Moreover, some young Johoreans working or studying in other states or countries either chose not to go home casting their votes during polling day or not arrange postal voting before the deadline on Feb 18.

Rising COVID-19 cases during recent weeks and financial barriers to travel back to their respective hometown constituencies are among the factors deterring them from voting.

As a result, only 7,824 Malaysians overseas have registered as postal voters for this Johor state election.
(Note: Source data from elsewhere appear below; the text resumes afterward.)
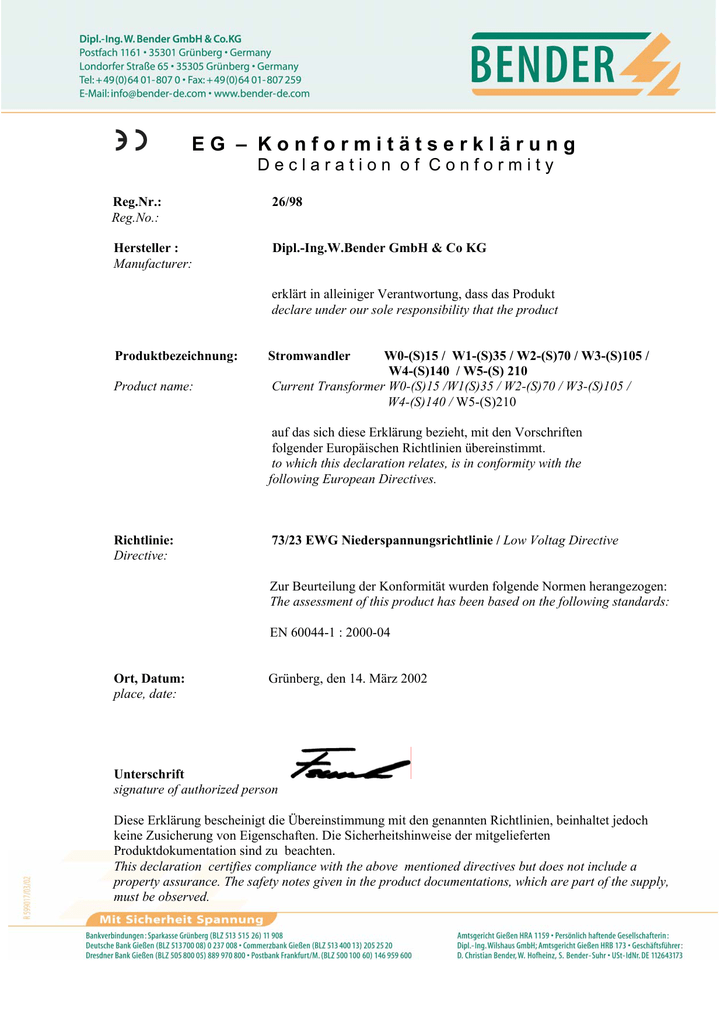 EG – Konformitätserklärung Declaration of Conformity Reg.Nr.: Reg.No.: 26/98 Hersteller : Manufacturer: Dipl.-Ing.W.Bender GmbH & Co KG erklärt in alleiniger Verantwortung, dass das Produkt declare under our sole responsibility that the product Produktbezeichnung: Product name: Stromwandler W0-(S)15 / W1-(S)35 / W2-(S)70 / W3-(S)105 / W4-(S)140 / W5-(S) 210 Current Transformer W0-(S)15 /W1(S)35 / W2-(S)70 / W3-(S)105 / W4-(S)140 / W5-(S)210 auf das sich diese Erklärung bezieht, mit den Vorschriften folgender Europäischen Richtlinien übereinstimmt. to which this declaration relates, is in conformity with the following European Directives. Richtlinie: Directive: 73/23 EWG Niederspannungsrichtlinie / Low Voltag Directive Zur Beurteilung der Konformität wurden folgende Normen herangezogen: The assessment of this product has been based on the following standards: EN 60044-1 : 2000-04 Ort, Datum: place, date: Grünberg, den 14. März 2002 Unterschrift signature of authorized person Diese Erklärung bescheinigt die Übereinstimmung mit den genannten Richtlinien, beinhaltet jedoch keine Zusicherung von Eigenschaften. Die Sicherheitshinweise der mitgelieferten Produktdokumentation sind zu beachten. This declaration certifies compliance with the above mentioned directives but does not include a property assurance. The safety notes given in the product documentations, which are part of the supply, must be observed. Dipl.-Ing. W.Bender GmbH + Co. KG Carl Benz Str. 8 D-35305 Grünberg tel.:(0-49) 6401 8070 fax:(0-49) 6401 807279 Przedstawiciel na Polskę: BIURO PROJEKTÓW I USŁUG INWESTORSKICH 91-492 Łódź, ul. Bema 50; tel.: (0-42) 6594261; tel./faks: (0-42) 6594262 E-mail: [email protected] Deklaracja zgodności z dyrektywami Unii Europejskiej Deklaracja Nr 26/98 Wytwórca: Dipl.-Ing. W.Bender GmbH&Co KG Adres: Londorfer Str. 65, 35305 Grünberg deklaruje na własną odpowiedzialność, że urządzenie Nazwa urządzenia: Przekładniki pomiarowe W0-(S)15 / W1-(S)35 / W2-(S)70 / W3-(S)105 / W5-(S)210 do których odnosi się niniejsza deklaracja, są wykonane zgodnie z przepisami następujących dyrektyw europejskich Dyrektywa: 73/23 EWG Niederspannungsrichtlinie Low Voltage Directive Zgodność ta zostaje zapewniona przez spełnienie wymagań następujących norm: EN 60044-1: Miejscowość, data: 2000-04 Grünberg, 14 marca 2002 Podpis osoby odpowiedzialnej: Za zgodność z oryginałem Jarosław Mielczarek Niniejsza deklaracja poświadcza zgodność wykonania urządzenia z wymienionymi dyrektywami, nie oznacza jednak zapewnienia jego bezbłędnego działania. Należy przestrzegać wskazówek bezpieczeństwa zawartych w dostarczanej z urządzeniem dokumentacji technicznej.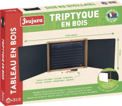 Multifunkčná trojkrídlová tabuľa JEUJURA je skvelou voľbou do detskej izby, herne aj škôlky. Ponúka čiernu písaciu plochu na kriedy a bielu tabuľu pre suché popisovače, ktoré možno ľahko zotrieť plstenou hubkou. Centrálne pole čiernej tabule je linajkované a obsahuje predlohy písacieho písma, takže deti môžu trénovať správny tvar písmen.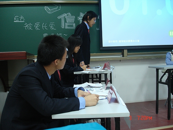 11月3日,会计与信管一班就“爱与被爱哪个更幸福”这个辩题在良乡校区理科教学楼206进行了一场激烈的辩论赛。正方会计班的辩题是“爱比被爱更幸福”,反方信管一班的辩题是“被爱比爱更幸福”。辩论会在最初的立论阶段就火花四溅,经过第二轮攻辩的加温,在自由辩论阶段达到高潮,双方激烈交锋,互不相让。随后双方四辩又作了沉稳而精彩的总结陈词,使辩论会的辩论阶段很好的结束了。经过评委老师的仔细商讨,最终正方获得了辩论赛的胜利,反方二辩获得了当场最佳辩手的称号。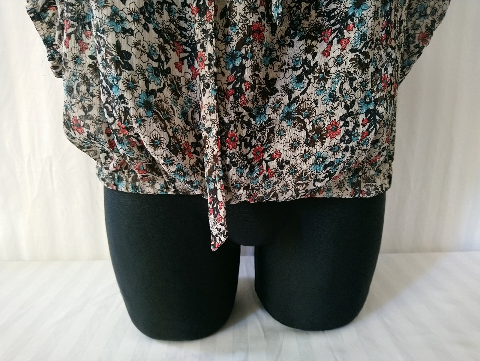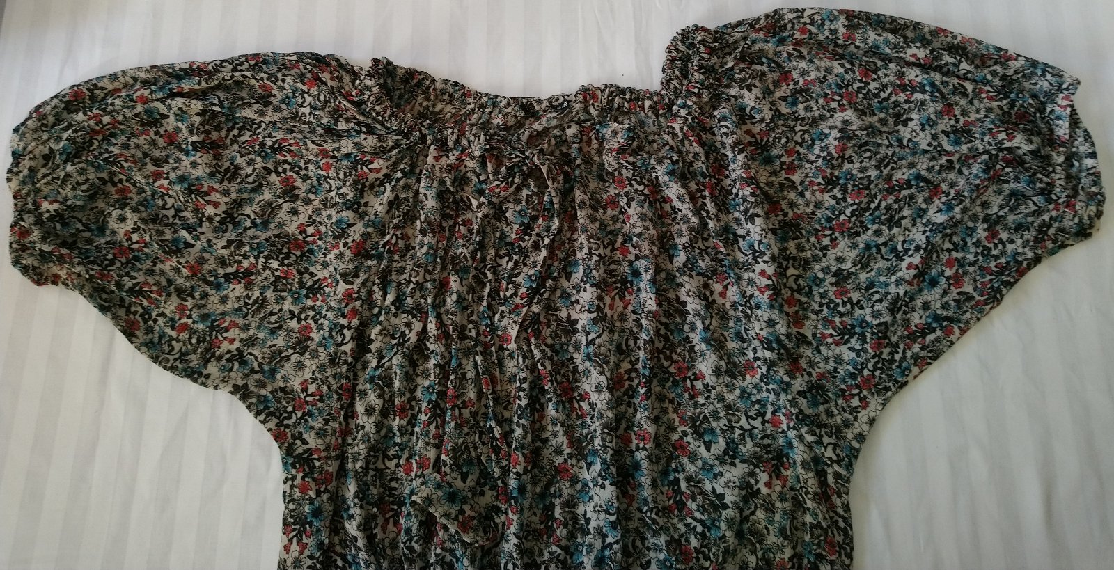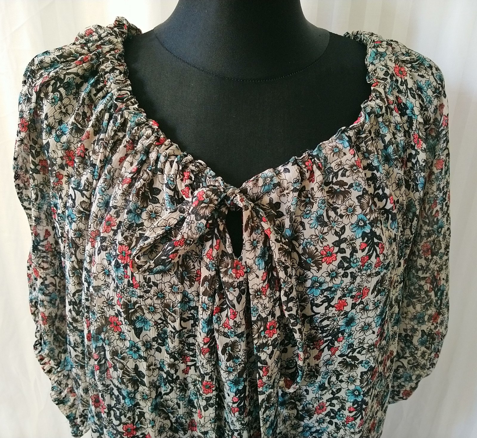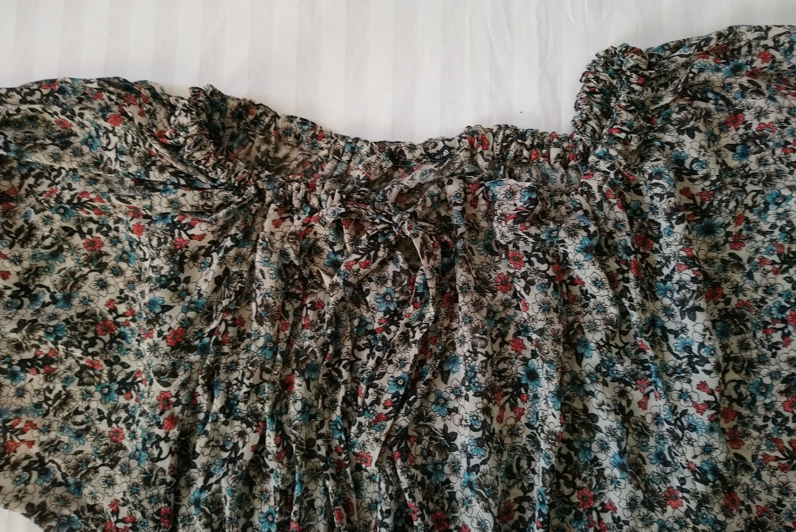 dámsky top s farebným kvetinovým vzorom, rukávy a spodok zakončený do gumičky, výstrih nariasený do šnúrky na zaviazanie,

Some state constituencies nearby Singapore like Puteri Wangsa, Johor Jaya and Kota Iskandar (see Table 3) recorded the lowest voter turnout at 46.94 per cent, 51.58 per cent and 48.72 per cent, respectively.

Therefore, to increase the awareness of the importance of voting among eligible young voters under 30 nationwide, the EC could take the lead to educate urban and rural Malaysian youths on why votes matter by conducting roadshows, seminars and workshops.

Although Undi 18 – as a Malaysian youth movement – advocated for the amendment of Article 119(1) of the Federal Constitution to reduce the minimum voting age in Malaysia from 21 to 18 years old, many of the youths residing outside of Klang Valley were oblivious to the current political climate in the country.

They are unaware of how their votes could influence policymaking and the impact on the next generations to come.

In a nutshell, the government, political parties and civil societies have to think of creative ways to encourage, educate and mobilise more young voters under 30 to come out and vote in the subsequent elections, especially in relation to the soon-to-be-held 15th general election (GE15).

Continuous efforts in spurring the young to be involved in the democratic process would motivate them to vote for a better future for Malaysia.

Amanda Yeo is a research analyst at EMIR Research, an independent think tank focused on strategic policy recommendations based on rigorous research.